WOODS: And Putin spoke in Moscow earlier this year, saying that the West is creating a threat of nuclear war that could destroy civilization.

ADRIAN MA, HOST:

And here in the U.S., the government boosted its nuclear weapons spending by 18% between 2022 and 2023. It's evident the world is closer to nuclear war than it's been in at least 40 years.

WOODS: It's scary stuff. And the situation of rising nuclear tensions has its roots in a field of mathematics that underpins a lot of economics - game theory. In this case, the game theory of nuclear standoffs. Neuroscientist Kelly Clancy says depending on this way of thinking may have led to a worrying escalation.

KELLY CLANCY: We're in for a lot of trouble because that's actually not the way humans really operate.

WOODS: This is THE INDICATOR FROM PLANET MONEY. I'm Darian Woods.

MA: And I'm Adrian Ma. Today on the show, the game theory of nuclear war - when can mathematical models help us, and when can they actually lead us astray and even to the brink of destruction?

WOODS: The man who helped shape U.S. nuclear policy and a lot of economic theory today is the mathematician John von Neumann. Von Neumann was born in Budapest, Hungary, and in 1926, he delivered a lecture that set out a mathematical description of two players playing a zero-sum game, as in, if I win, you lose and vice versa. Kelly Clancy is the author of the book "Playing With Reality: How Games Have Shaped Our World."

CLANCY: It's a way of kind of describing what players will do without having to worry about what their psychology is, what they're thinking, what their plans are. It completely strips all psychology from game playing and makes it this, like, very austere mathematical project.

MA: This project or this field would be called game theory. And you can have all kinds of theories and games within this discipline apply to all kinds of questions, like, how do businesses price their goods or how does evolution in the natural world work or how do we decide whether or not to attack a country with nuclear weapons?

WOODS: Before World War II, von Neumann emigrated to the U.S., where he would join the Manhattan Project. Kelly says he was instrumental in creating some of the fundamental breakthroughs needed for the first atomic bomb.

CLANCY: Particularly, he was interested in, like, the physics of detonation. And he was also important strategically. He was on the committee that helped determine which targets they should go for, they should bomb.

WOODS: That's incredible that he was both calculating the bomb physics and the political military strategic decisions as well.

CLANCY: Yeah, he was a very smart man, and he was hawkish. So in many ways, he was somebody that the American military was happy to work with.
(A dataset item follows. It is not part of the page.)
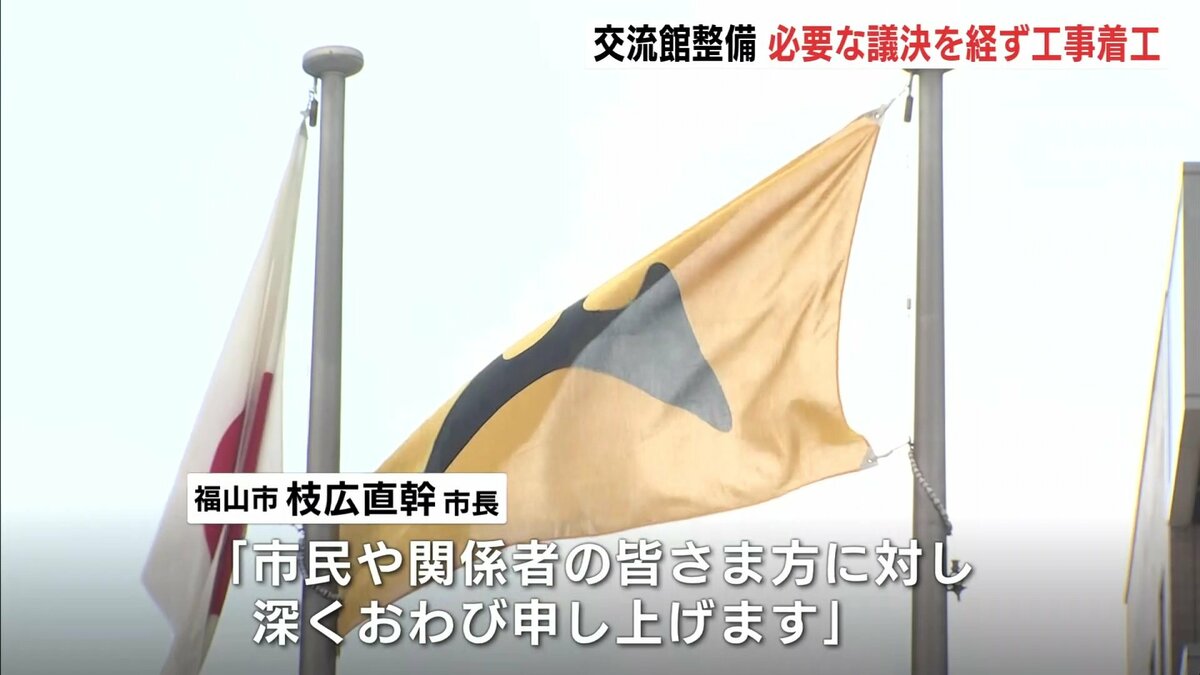 広島県福山市は5日、新築する交流館の整備を巡り議会の議決が必要な議案を提出せずに工事を着工していたと明らかにしました。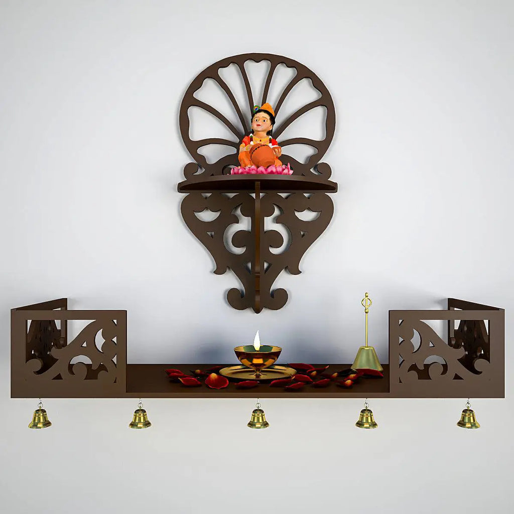 Beautiful Wall Hanging Wooden Temple/ Pooja Mandir Design with Shelf, Brown Color

MA: After the U.S. drops atomic bombs on Hiroshima and Nagasaki, the world is left with a horrible new reality. Estimates vary, but anywhere from over 100,000 to more than 200,000 people were killed. And this could just be the start.

CLANCY: With the advent of nuclear weapons, we had a whole new calculus of war.
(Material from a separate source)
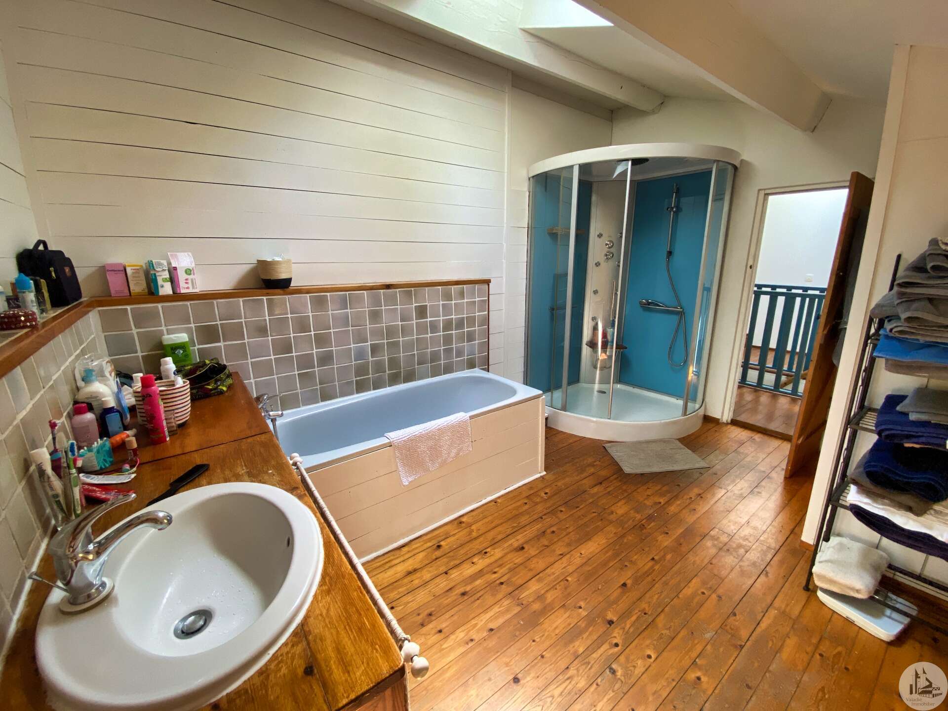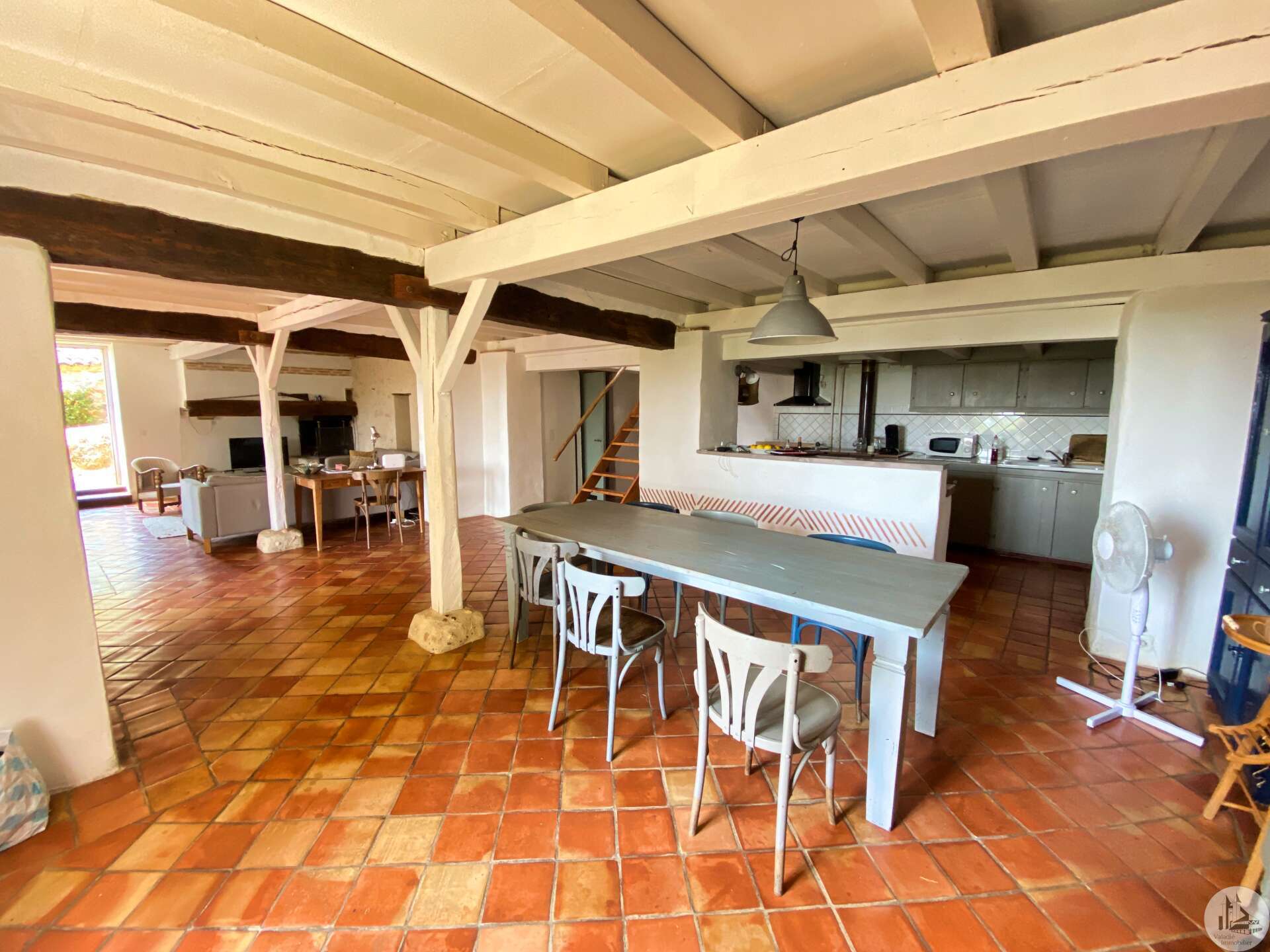 Maison de campagne en pierre comprenant : Au rez-de-chaussée : - Une cuisine aménagée (20,08 m2 env.) ouverte sur grande pièce à vivre d'environ 54,56 m2 (salon avec cheminée et salle à manger), - Un cellier (10,34 m2 env.), - Une chambre (17,66 m2 env.) avec lave-mains (avec porte donnant accès direct au jardin), - Couloir de distribution avec un coin buanderie (8,7 m2 env.), w.c. - Accessible par 2 marches : - Une chambre (14,81 m2 env.) en-suite avec salle de douche privative (lavabo, douche italienne). - Accessible par un escalier : - Une pièce ouverte à usage de chambre d'environ 17,66 m2 env. (ou d'atelier de couture / peinture car lumineuse) A l'étage : - Un palier d'environ 12,99 m2 env. (avec accès direct au jardin), - 3 chambres spacieuses et lumineuses de 17,9m2 env., 13,7m2 env. et 15,6 m2 env. (dont une avec porte menant au jardin), - Un bureau de 6,24 m2 (ou dressing), - Une salle de bain (lavabo, douche, baignoire et w.c). Eléments d'information : - Tommettes au sol au rez-de-chaussée. Plancher à l'étage. - Menuiseries en bois avec du simple vitrage. - Chauffage au bois et radiateurs électrique. Ancienne chaudière à bois dans la cuisine à remettre en service. - Assainissement par fosse septique non conforme. - Taxe foncière : 544 € (2021) - Eligible à la Fibre A l'extérieur : - Dépendance en pierre séparée (ancien fournil avec four à pain), toiture à reprendre. - Attenant au fournil : abris en bois. - Attenant à la maison : atelier en bois (24,8 et 14,9 m2) en parti fermé. - Indépendant sur le terrain : petit chalet en bois (7,7 m2). - Parc arboré avec piscine hors-sol (environ 5m de diamètre) et terrasse en bois.

WOODS: So battles that once played out over months could now be decided in minutes. Von Neumann and others offer up game theory as a way to strategize. And one of the most famous ideas to come from game theory was mutually assured destruction or MAD. Basically, the idea is nobody would want to attack the U.S. or the USSR if they believed that they and the world would get annihilated straight away with nuclear weapons. In theory, the buildup of world-destroying bombs and missiles would actually create peace.

MA: But this theory had a couple of problems. First, you have to credibly commit to essentially destroying the other party and the world if you get attacked.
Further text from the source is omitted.